Item 5. Interest in Securities of the Issuer
The information contained in Item 5 of the Schedule 13D is hereby amended and restated to read in its entirety as follows:
(a) Friar Tuck Limited, of which Quiver Trust is the majority shareholder, is the direct beneficial owner, with shared dispositive and voting power, of 1,268,654 shares of Common Stock. Quiver Trust, as the owner of approximately 92% of the equity of Friar Tuck, may be deemed to be the beneficial owner, with shared dispositive and voting power, of the 1,268,654 shares of Common Stock beneficially owned by Friar Tuck. Stedtnik 1 Limited, as the trustee of Quiver Trust, may be deemed to be the beneficial owner, with shared dispositive and voting power, of the shares of Common Stock beneficially owned by Quiver Trust.
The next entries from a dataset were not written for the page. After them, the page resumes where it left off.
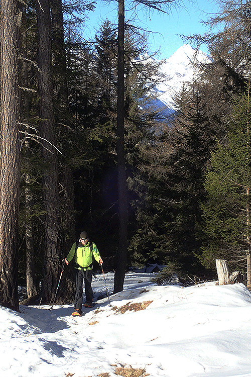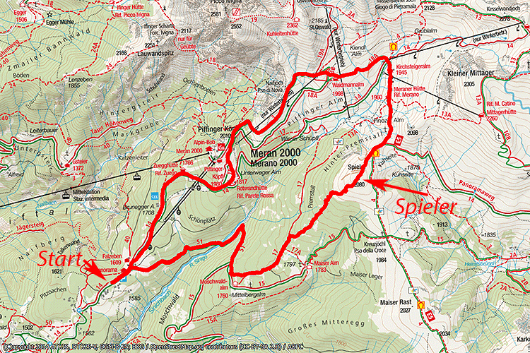 Um knapp nach zehn starten wir am erst halbvollen Parkplatz in Falzeben; Schifahrer sind anscheinend noch größere Spätaufsteher als wir. Die Tourenschi und Schneeschuhe kommen an den Rucksack, da ich daran zweifle, dass sofort genügend Schnee liegen wird. Am Hotel vorbei, das jetzt Josef Mountain Resort heisst (und anscheinend nicht mehr Falkensteiner) geht es auf der Forststrasse nach Osten. Wie erwartet liegt anfangs gar kein Schnee und dann nur wenig mit reinem Eis gemischt (war zu erwarten). Kurz vor der Brücke, bei der letzten kleinen Steigung lege ich die Schi an, Bernd wartet gleich nach der Brücke. Wir werden von einigen Leuten überholt (die meisten zu Fuß ohne Schneeschuhe, dafür einige mit Grödel; auch ein Schitourengeher ist dabei). Wir gehen unser Tempo und vor der Moschwaldalm gehen wir vom Steig ab und folgen der Schispur. Ab da sind wir alleine unterwegs. Wir kommen dann wieder auf den Winterweg, der von der Maiser Alm her kommt und zur Bergstation der Seilbahn quer durch das Schigebiet führt. Wir folgen dem Winterweg ein Stück, bevor die Schispur wieder abzweigt. Nach einem weiteren Flachstück steigt das Gelände an, was heisst, dass der Gipfel nicht mehr so weit ist. Nach insgesamt bissschen mehr als einer Stunde und dreiviertel sind wir am Gipfel. Niemand da. Während wir unseren Tee auspacken und ich die Schi für die kurze Abfahrt vorbereite, kommen einige der Wanderer, die uns überholt hatten, auch an, ebenso der Schitourengeher (sind alle dem Forstweg gefolgt und dann vom Kreuzjöchl herauf gekommen). Dieser macht von uns ein Foto, dann geht er weiter ohne abzufellen. Bernd und ich essen ein paar Kekse, trinken Tee und haben es nicht eilig. Wir vereinbaren, dass er von der Kirchsteigeralm sofort Richtung Winterwanderweg geht, während ich auffelle und über die Waidmannalm zur Bergstation des Sessellift Piffing aufsteige. Dadurch wird er nicht viel später als ich beim Auto sein. Die Abfahrt vom Gipfel ist nicht berauschen, außerhalb der schmalen Abfahrtsrampe, die angefahren und hart ist, gibt es nur Plattenpulver. Es kommen jetzt ganze Horden von der Meraner Hütte her Richtung Gipfel. Nach der Kirchsteigeralm felle ich auf und schlurfe so gemütlich Richtung Waidmannalm. Bernd sehe ich unter mir zum Winterweg gehen. An der Bergstation (war früher mal die Mittelstation des Gondelliftes, aber das ist lange her) rüste ich mich für die Abfahrt. Zuerst die lange Schrägfahrt, die meine ungeübten Oberschenkel beansprucht; wusste nicht, dass ich so schlecht in Form bin. Dann Richtung Piste oberhalb der Rotwandhütte. Wo die Piste hart ist, merke ich, dass meine Kanten nicht den Namen verdienen. Muss höllisch aufpassen, nicht auszurutschen. Weiter zur Zuegghütte und der Talstation bei Falzbeben. Nach 2 3/4 Stunden insgesamt bin ich wieder beim Auto. Eine Viertelstunde später kommt auch Bernd. Wir fahren bis zum Hotel Sonnenheim in Hafling-Oberdorf, wo wir uns unser übliches alkoholfreihes Hefe gönnen.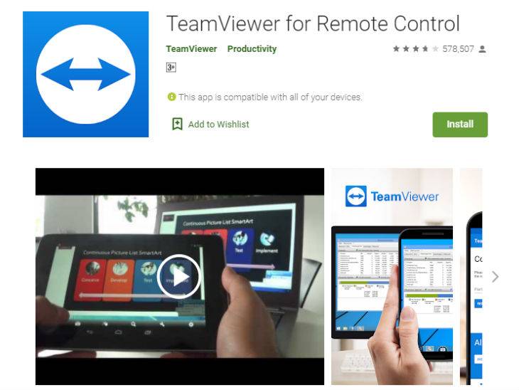 પ્લે સ્ટોર પર આ એપ અવેલેબલ છે. તેને 3.5 સ્ટાર રેટિંગ મળ્યું છે. વિક્ટિમ ડિવાઈસે TeamViewer ક્વિક સપોર્ટ અને કન્ટ્રોલર ડિવાઈસે TeamViewer એપ ઈન્સ્ટોલ્ડ કરવાની રહેશે. ક્વિક એપ ઓપન કર્યા બાદ આઈડી જનરેટર થશે. બીજા ડિવાઈસમાં તે સબમિટ કર્યા બાદ બંને ડિવાઈસ કનેક્ટ થઈ જશે.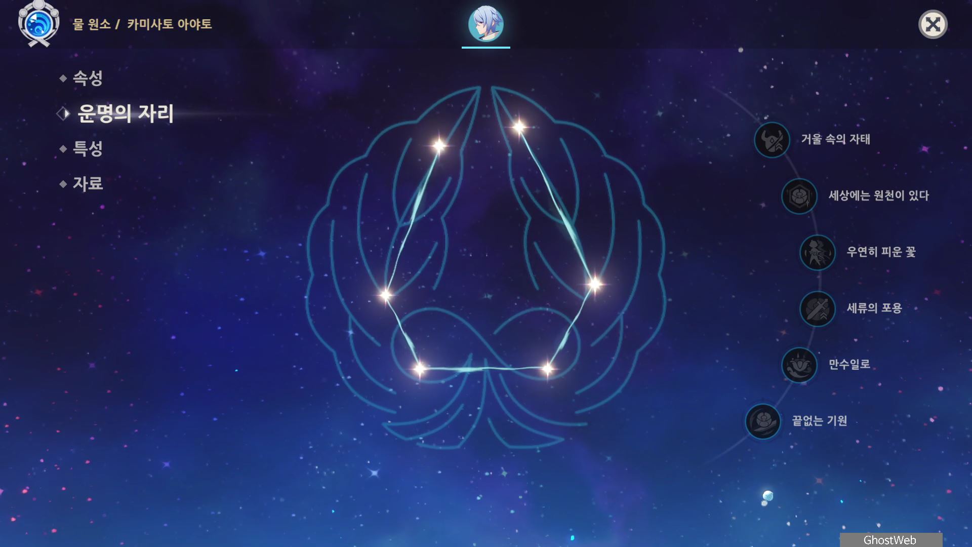 - 이동 후, 카미사토 아야토의 원래 자리에 <물의 잔영>이 생성된다.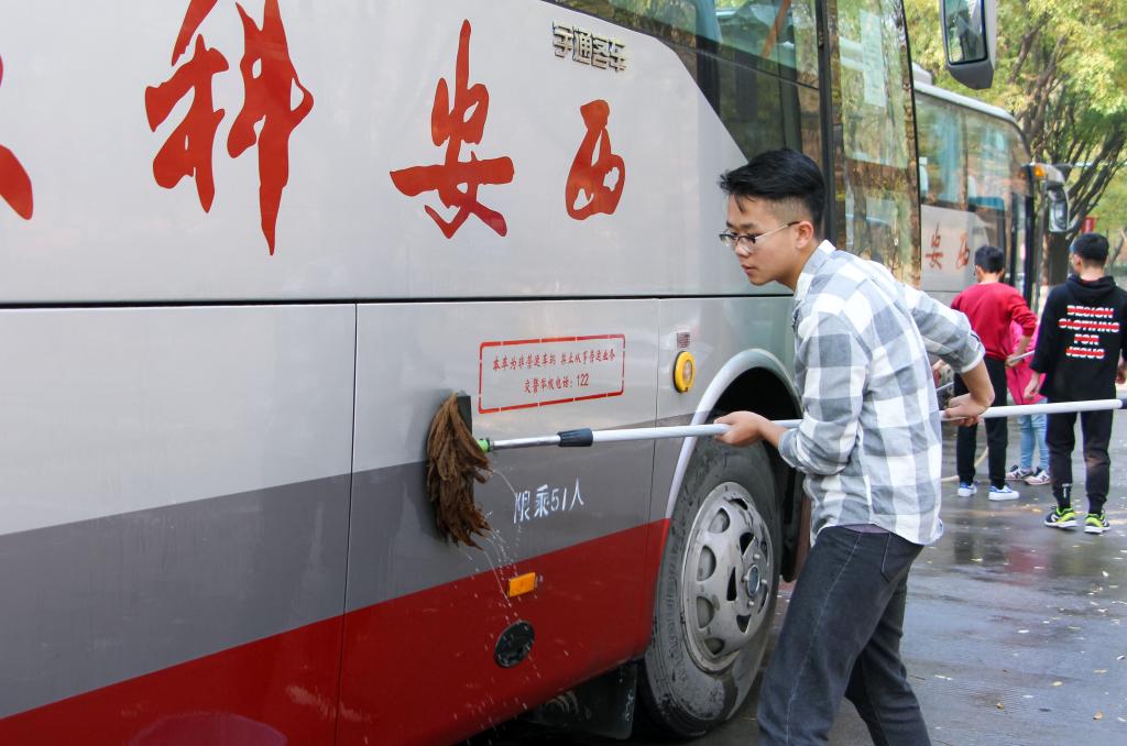 为给广大教职员工提供整洁舒适的乘车环境,同时为进一步激发学生爱校荣校情怀,帮助大学生树立集体认同感、归属感、荣誉感,增强学生“以校为家”的主人翁意识,营造校风文明、学风严谨、爱校荣校的良好育人氛围,提升学生实践能力,11月1 日下午,资产与后勤管理处接待运输服务中心相关工作人员携手安全科学与工程学院辅导员老师、党员发展对象培训班学员、建档立卡家庭学生代表共计40余人联合开展了“爱校荣校,立志成才”清洗通勤运行班车主题实践育人活动,让义务清扫风尘仆仆的校车便成为我们为冬日校园奉献的一份爱心。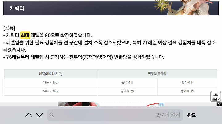 검은사막 모바일 캐릭터 최대레벨과 투력상승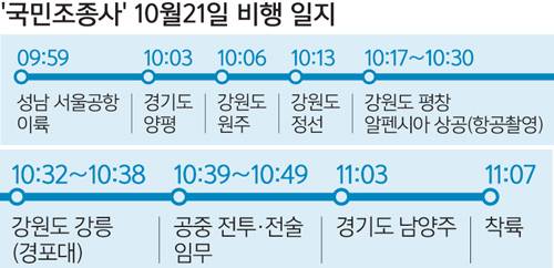 서울공항을 이륙해 강원도 평창 알펜시아와 강릉 상공을 비행하고 돌아오는 동선이었다. 기자가 탄 FA-50의 조종간을 잡은 주 대위는 “오늘 날씨가 너무 좋다. 이런 날은 손에 꼽을 정도”라며 “우리 전투기 조종사들끼리는 스스로를 ‘하늘이 받아준 사람’이라고 부르는데, 국민조종사들도 하늘이 잘 받아주는 것 같다”고 긴장을 풀어줬다.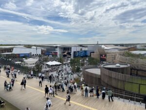 暑さと人の多さで汗だくになりながら、1時間ほどかけてようやく入場ゲートに到着。飛行機の搭乗口のように厳重なセキュリティチェックがあり、万博のスケールの大きさを実感しました。

Queensmead Trust, as the owner of 100% of the equity of Stedtnik 1 Limited, may be deemed to be the beneficial owner, with shared dispositive and voting power, of the shares of Common Stock beneficially owned by Stedtnik 1 Limited. Alexandria Bancorp, as the trustee of Queensmead Trust, may be deemed to be the beneficial owner, with shared dispositive and voting power, of the shares of Common Stock beneficially owned by Queensmead Trust
(b) See Item 5(a) above.
(c) On November 17, 2010, pursuant to the Underwriting Agreement, Quiver sold 10,537,755 of the shares of Common Stock beneficially owned by it to the Underwriters at a price of $49.58 per share.
(d) Not applicable.
(e) As a result of the transaction described in Item 5(c) of this Schedule 13D, as of November 17, 2010, each Reporting Person ceased to be the beneficial owner of more than 5% of the shares of Common Stock of Watson.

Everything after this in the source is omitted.